At this point, we could add more features, using Dask to parallelize the pandas work across all the cores on my computer or cluster.

Before jumping into model training, I will use Dask-ML to split my distributed dataframe into training and validation sets.


from dask_ml.model_selection import train_test_split

X, y = mortgage_data.iloc[:, 1:], mortgage_data["delinquency_12"]
X_train, X_test, y_train, y_test = train_test_split(
    X, y, test_size=0.1, shuffle=True, random_state=2
)

From small data to big data in one line of code

The official integration with Dask released by the XGBoost team makes distributed training on a Dask cluster as simple as typing `xgboost.dask.train` instead of the local `xgboost.train`.

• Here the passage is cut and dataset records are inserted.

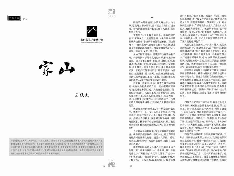 王跃文:创作《家山》最初的动因是我读了族谱。1998年,我族里的《三槐堂王氏族谱》成书,我奉长辈之命给族谱写了一个序言。大概十年前,我重新翻阅族谱,读到先辈修水利工程的故事,读到先辈倡办新式小学的故事,读到1949年祖父辈、伯父辈参加“湘西纵队”拉起革命武装迎接解放的故事,我很激动。
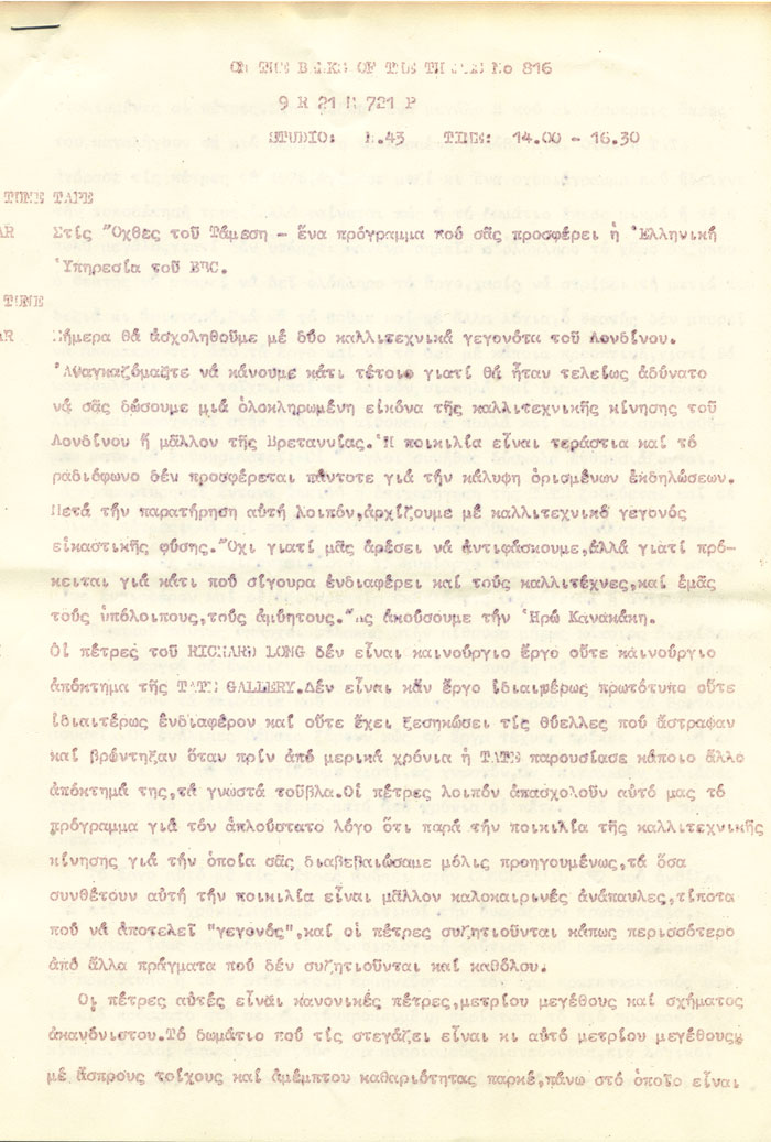 Εκπομπή του BBC - "ON THE BANKS OF THE THAMES" No 816
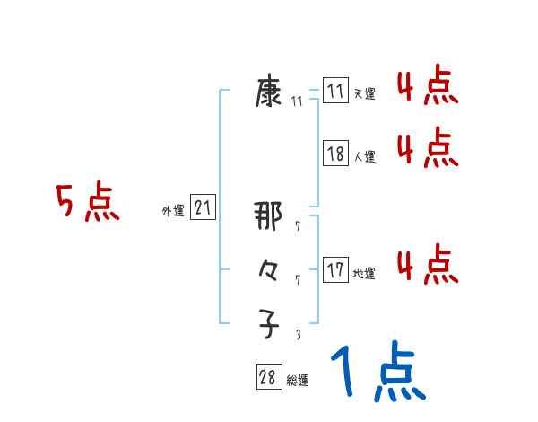 康那々子さんの画数の鑑定結果
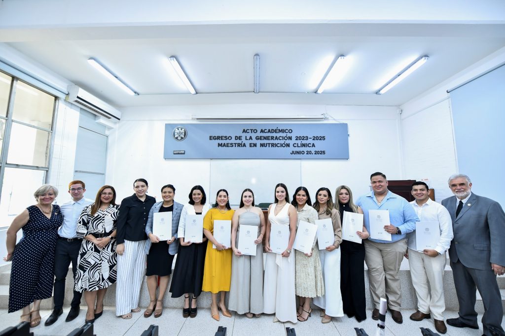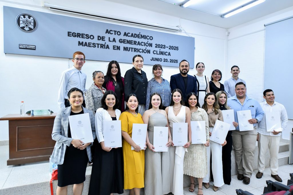 Egresó la primera generación de la Maestría en Nutrición Clínica de la Universidad de Colima con 11 nuevos posgraduados, en su mayoría mujeres, todas y todos con formación de base en Nutrición. “Un grupo con conocimientos sólidos, mirada crítica, sensibilidad humana y compromiso con la salud pública, que ha asumido el desafío de abrir camino con pasión y disciplina”.
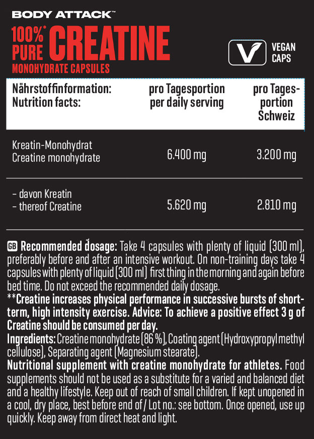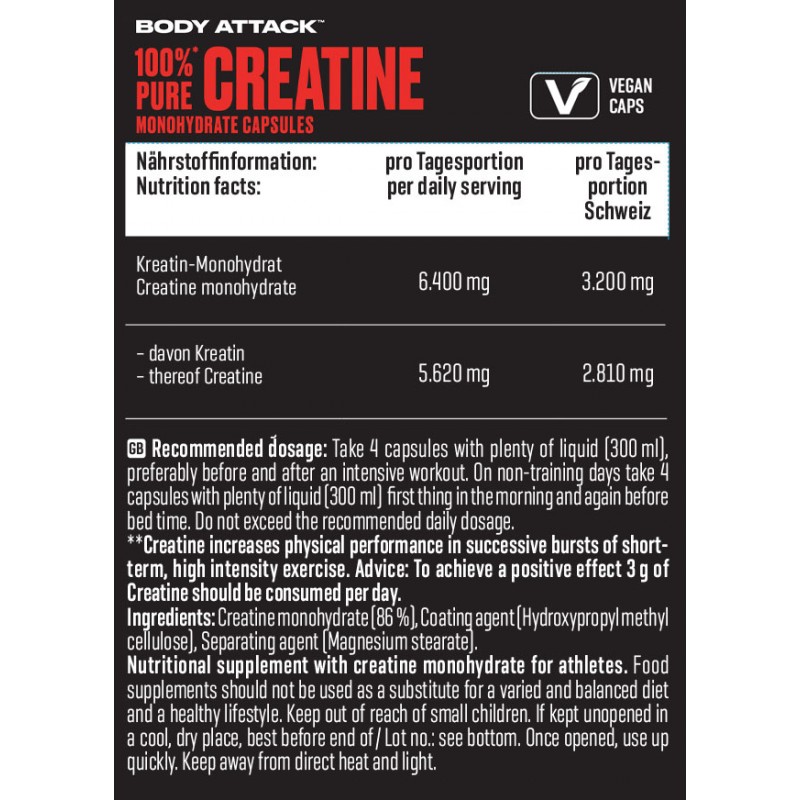 - 每4粒提供高達3200毫克肌酸一水合物。

It also provides a distributed variant of its internal data structure, the DMatrix, which can be built directly from a distributed Dask dataframe.

This operation will trigger materialization of the lazily scheduled Dask DF operations:


import xgboost as xgb
dtrain = xgb.dask.DaskDMatrix(client, X_train, y_train)

Let’s train XGBoost to predict loan performance:


output = xgb.dask.train(
    client=client,
    params={
        'objective': 'binary:logistic',
        'max_depth': 8
    },
    dtrain=dtrain,
    num_boost_round=10,
    evals=[(dtrain, 'train')]
)

After training, we can access the XGBoost model and the history of training evaluations:


booster = output['booster'] 
history = output['history']

It’s worth noting that the booster is your regular XGBoost model, not a Dask-specific object.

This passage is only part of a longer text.